Is the Self-Defense Claim Viable?
Assuming the general accuracy of the above facts, Rittenhouse’s self-defense claim appears viable. In Wisconsin, a person may use deadly force if he “reasonably believes that such force is necessary to prevent imminent death or great bodily harm to himself.” Wis. Stat. § 939.48(1). Courts may generally consider “whether the actor had an opportunity to flee or retreat” before using force, but Wisconsin does not require flight before the use of force. Wis. Stat. § 939.48(1m)(ar).
Accordingly, Rittenhouse likely has a strong initial argument that the use of deadly force was necessary: assuming the accuracy of the facts laid out above, Rittenhouse only fired after being chased, after his pursuers themselves appeared to fire weapons, and after being physically attacked.
But what of any counter-arguments? For instance, in Wisconsin, a person “is not entitled to claim the privilege of self-defense” if their unlawful conduct provoked the attack. Wis. Stat. § 939.48(2)(a). Would this doom Rittenhouse? Given the factual scenario, there is no way of knowing whether Rittenhouse provoked the attack, as there is no clear reporting or video showing why he was being chased. But it likely does not matter: the statute permits self-defense, even after provocation, where “the person engaging in the unlawful conduct [reasonably believes] that he or she is in imminent danger of death or great bodily harm” and that “he or she has exhausted every other reasonable means” to escape or avoid that harm. Wis. Stat. § 939.48(2)(a). “Reasonable belief” is a notoriously difficult legal concept to pin down, but given the gunfire, the chase, and the aggressive conduct of his pursuers, Rittenhouse would have a sturdy argument that such a belief was reasonable.
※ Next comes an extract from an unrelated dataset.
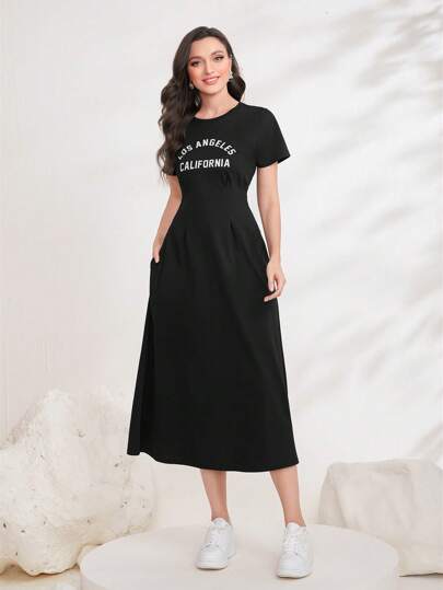 Seusyu 字母图案褶皱细节隐藏式口袋连衣裙长款女装 - 黑色 - 查看 1

One potential problem for Rittenhouse is that he cannot assert self-defense if he “provoke[d] [the] attack . . . with intent to use such an attack as an excuse to cause death or great bodily harm to his or her assailant.” Wis. Stat. § 939.48(2)(c). In other words, did Rittenhouse provoke an attack so he could shoot someone? The facts available so far complicate coming to any conclusions, but based on Rittenhouse’s offers to render aid to protestors and his flight, it seems a prosecutor would need significant contrary evidence to establish that Rittenhouse intended to provoke a deadly attack.
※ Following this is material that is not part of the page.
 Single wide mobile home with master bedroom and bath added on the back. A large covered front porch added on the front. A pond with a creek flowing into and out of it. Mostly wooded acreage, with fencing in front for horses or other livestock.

A final potential counter-argument is that because Rittenhouse was allegedly engaged in illegal activity (possessing a firearm as a minor) prior to the shootings, he cannot claim self-defense. But no Wisconsin law appears to support this argument. Committing criminal activity prevents the application of a special defense privilege unlikely to be relevant here anyway, see Wis. Stat. § 939.48(1m)(b)(1), but as shown under Wis. Stat. § 939.48(2)(a), Wisconsin explicitly allows some self-defense claims even if unlawful conduct has occurred.
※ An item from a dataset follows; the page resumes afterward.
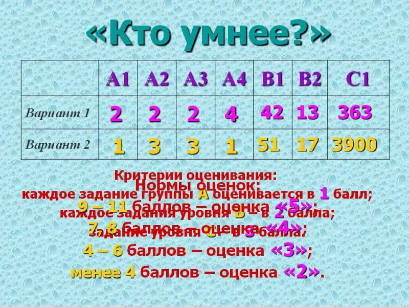 - каждое задания уровня В - в 2 балла;

Thus, Rittenhouse seems to have a viable case for self-defense and will likely be found not guilty of homicide and attempted homicide. Indeed, Rittenhouse might even escape a conviction for the seemingly more straightforward possession charge. See Wis. Stat. § 948.60(2)(a). A potential loophole could stem from Wis. Stat. § 948.60(3)(c), which allows 16 and 17-year-olds to carry long rifles. See Wis. Stat. § 941.28. Although this exception was apparently created with hunting in mind, the text is ambiguous enough that Rittenhouse could overcome this charge based on the rule of lenity, which requires an ambiguous law to be interpreted in the manner most favorable to the defendant.